4.97, for “All Other” (non-salary) Office of Court Administration (OCA) spending. Expenditures within this index rose from $1.6 million in fiscal 1990 to $13.6 million in 2002, a 756.2 percent increase; real (1990 dollars) expenditures rose by 523.1 percent. “All Other” real expenditures per 10,000 Texans rose by 397.3 percent over the study period. This growth reflected the addition of new OCA responsibilities, including the addition of court masters to hear child support enforcement cases in fiscal 1994; the Judicial Committee on Information Technology’s effort to enhance information technology in state courts; and the 2001 addition of eight foster care courts. In addition, the 2001 Legislature authorized OCA to make grants to counties for indigent defense services. In fiscal 2002, grant expenditures totaled $7.9 million. Fiscal 2002 expenditures for the index accounted for 7.3 percent of all Article IV expenditures.
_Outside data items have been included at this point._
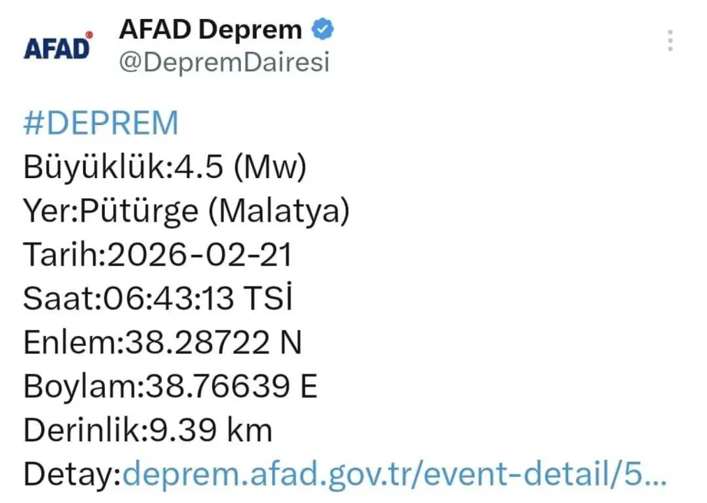 Afet ve Acil Durum Yönetimi Başkanlığı'nın (AFAD) verilerine göre, bu sabah saat 06.43'te merkez üssü Malatya'nın Pütürge ilçesi olan 4.5 büyüklüğünde deprem meydana geldi. Yerin 9,39 kilometre derinliğinde meydana gelen sarsıntı, vatandaşlar tarafından kısa süreli tedirginliğe neden oldu. Çevre il ve ilçelerden de hissedilen depremde ilk belirlemelere göre herhangi bir olumsuzluk yaşanmadığı belirtildi.
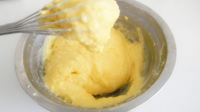 6. 搅拌至顺滑状态,挑起呈倒三角,尖角底部约4厘米就可以了
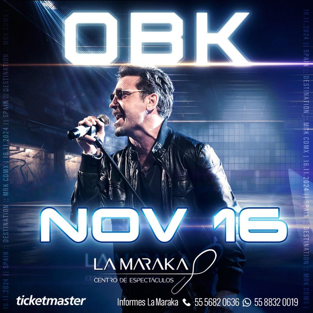 OBK, una de las bandas de pop electrónico más destacadas de España regresa a México para ofrecer un gran recital el Sábado 16 de Noviembre de 2024 en el Centro de Espectáculos La Maraka, quienes tras haber cumplido ya más de 3 décadas de trayectoria exitosa, 11 discos y millones de copias vendidas de sus discos, han decidido que aún quedan historias que contar. Los boletos están a la venta en el Sistema Ticketmaster y en taquillas del inmueble.
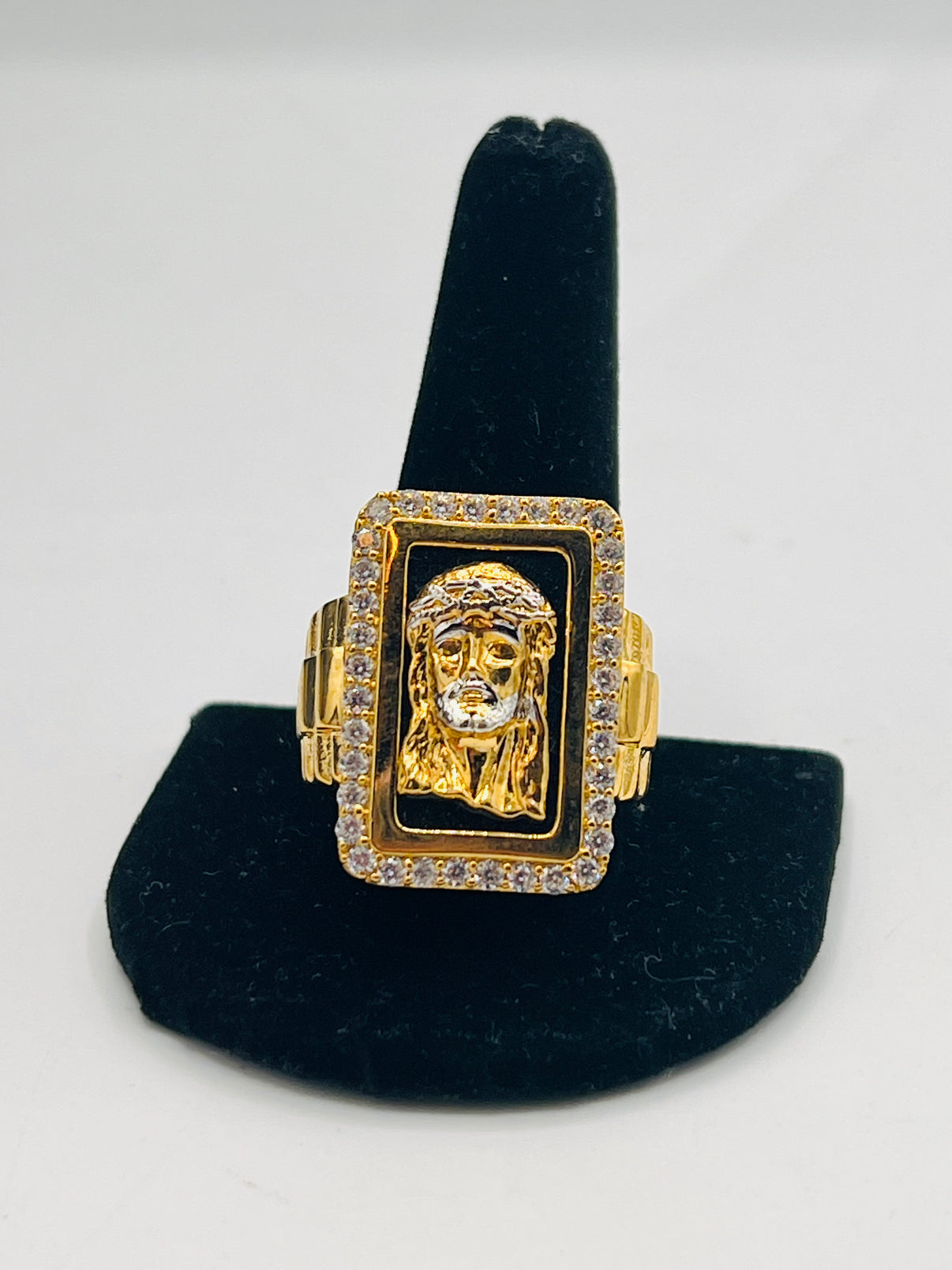 Gold Over Silver Square Jesus Portrait Ring for Mens' w/ CZ
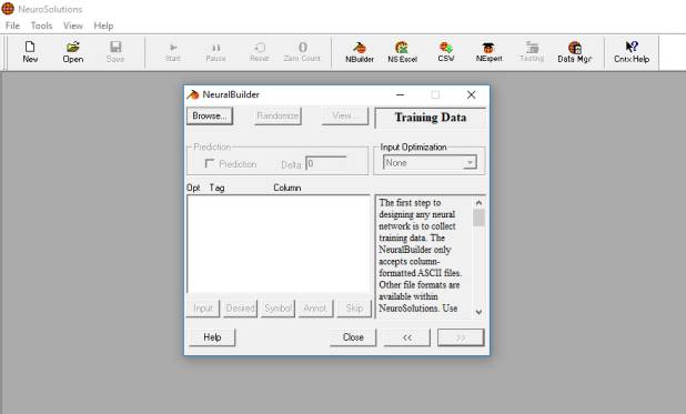 Откроем NeuroSolutions и нажмем кнопку NeuralBuilder.
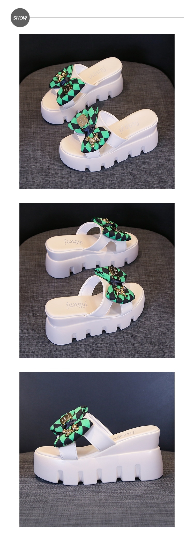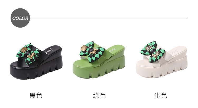 【HMH】撞色格子坡跟厚底拖鞋/黑綠撞色格子蝴蝶結坡跟厚底拖鞋 女鞋 米
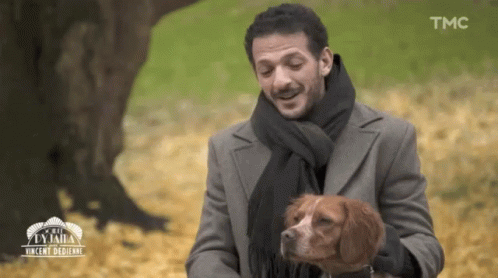 Vincent Dedienne smiles while holding a brown and white dog in an outdoor park setting, featured on TMC.
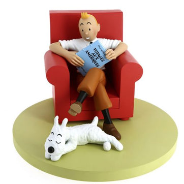 This limited edition resin model depicts a cozy Tintin relaxing in his armchair, with his loyal companion Snowy sleeping peacefully at his feet. Tintin looks very dapper in his shirt and tie as he gazes fondly at his fluffy friend. This scene comes from Tintin's adventure 'The Broken Ear'.
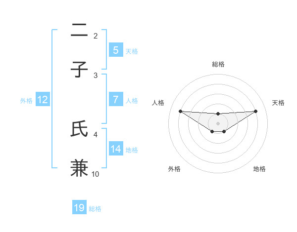 二子 氏兼さんの天格は5画の4点!

Only two other Article IV indices exceeded 2.0:

2.90, for “All Other” (non-salary) Tenth Court of Appeals District spending. Expenditures for this index rose from $66,000 in fiscal 1990 to $328,000 in 2002 (400.5 percent); the real increase was 263.9 percent. Real expenditures per 10,000 Texans rose by 190.4 percent. Fiscal 2002 expenditures for the index accounted for 0.2 percent of all Article IV expenditures.

2.30, for “All Other” (non-salary) Comptroller Judiciary Section spending. This index covers state spending related to judicial salaries and other payments distributed by the Comptroller’s office. Expenditures in this index rose from $9.8 million in 1990 to $39 million in 2002 (296.5 percent); in real terms, the growth was 188.5 percent, and was largely attributable to a variety of new payments, including salary supplements to county judges and county attorneys and the Texas Department of Criminal Justice’s Prison Prosecution Unit. The county salary supplements are distributed as grants to counties, which then use the funding to pay eligible persons. “All Other” real expenditures per 10,000 Texans rose by 130.3 percent from 1990 to 2002. Fiscal 2002 expenditures for this index accounted for 20.9 percent of all Article IV expenditures.

The index with the largest share of 2002 Article IV spending was Comptroller Judiciary Section payments for salary and wages, at $68.9 million or 36.9 percent of all Article IV spending. Expenditures for this index rose by 72.1 percent, from $40 million in 1990. In real (1990) dollars, expenditures rose by 18 percent. The number of FTEs for this index rose from 525 to 570.7 over the study period, producing a cumulative increase in salary and wage real expenditures per FTE of 8.5 percent and an index of 1.09. (FTEs under this index represent visiting and district court judges eligible to receive funding.)